Diamond Park was a baseball stadium in Toronto, Ontario, Canada. It was the home of the Toronto Maple Leafs professional baseball club from 1901 until 1907. It was located at the south-east corner of Liberty Street and Fraser Avenue. The stadium was also used for rugby football and lacrosse.

The Maple Leafs, who had been playing at Hanlan's Point Stadium on the Toronto Islands were sold in 1900 to a group of 52 Toronto businessmen, spearheaded by Ed Mack, a tailor and former baseball player. The organization decided to construct a new stadium for the team on the mainland, which they named Diamond Park. The stadium was not ready in time for the 1901 season, forcing the team to play its first 13 games on the road. The team played its first game in the new stadium on May 10, 1901, to 5,200 fans, losing 6–5 to Worcester. The game was preceded by a parade from downtown to the stadium. The ceremonial first pitch was thrown by School Inspector James L. Hughes. Tickets for the games cost 25 cents for general admission, 40 cents for the grandstand and 50 cents for reserved seating.

Led by manager Ed Barrow, who was also co-owner, the Leafs won the International League pennant in 1902 with a record of 85–42. The team faltered after its championship season, falling to eighth place by 1905. Debt holders called in their loans and the team was purchased by James J. McCaffery, who served as team president from 1908 until his death in 1922, and Lawrence "Lol" Solman, president from 1922 to 1931. Former major league star Joe Kelley took the reins as manager in 1907 and the team's fortunes immediately turned around. Kelley was drafted by the Boston Doves the next season, when the Leafs returned to Hanlan's Point Stadium.

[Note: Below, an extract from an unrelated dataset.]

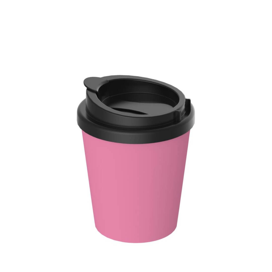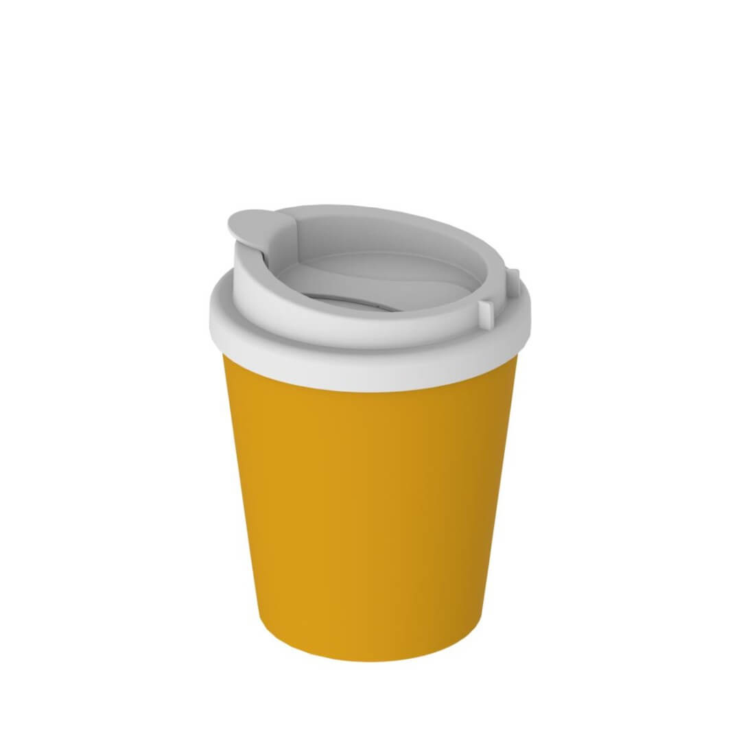 Kompaktní dvoustěnný plastový To-Go kelímek s odnímatelným víkem a flexibilní krytkou otvoru pro pití, která se dá po odklopení pohodlně uchytit k okraji, aby nepřekážela. Vhodný do všech běžných automobilových držáků nápojů. Objem 0,25 l.

The site was sold in 1907 by the ball club to H. C. Harris under the condition that "no games or amusement enterprises" were to take place without the ball club's consent. In 1908, a strip of land 96 ft in left field was subdivided, making it smaller for baseball, although it would continue in use for amateur baseball and other sports. However, the Maple Leafs were to return to the park in August 1909 to finish the 1909 season after Hanlan's Point Stadium burned down. Owner Harris offered the field at no charge to the Maple Leafs, who had to quickly build a new left field bleacher after the old bleacher had been torn down.

In 1911, construction began on a new E. W. Gillett Company factory complex on the site, which opened in 1912. The factory is now the headquarters of Kobo Inc. Across the street to the north is Lamport Stadium, used for rugby, field hockey and soccer, built on the site of the Mercer Reformatory.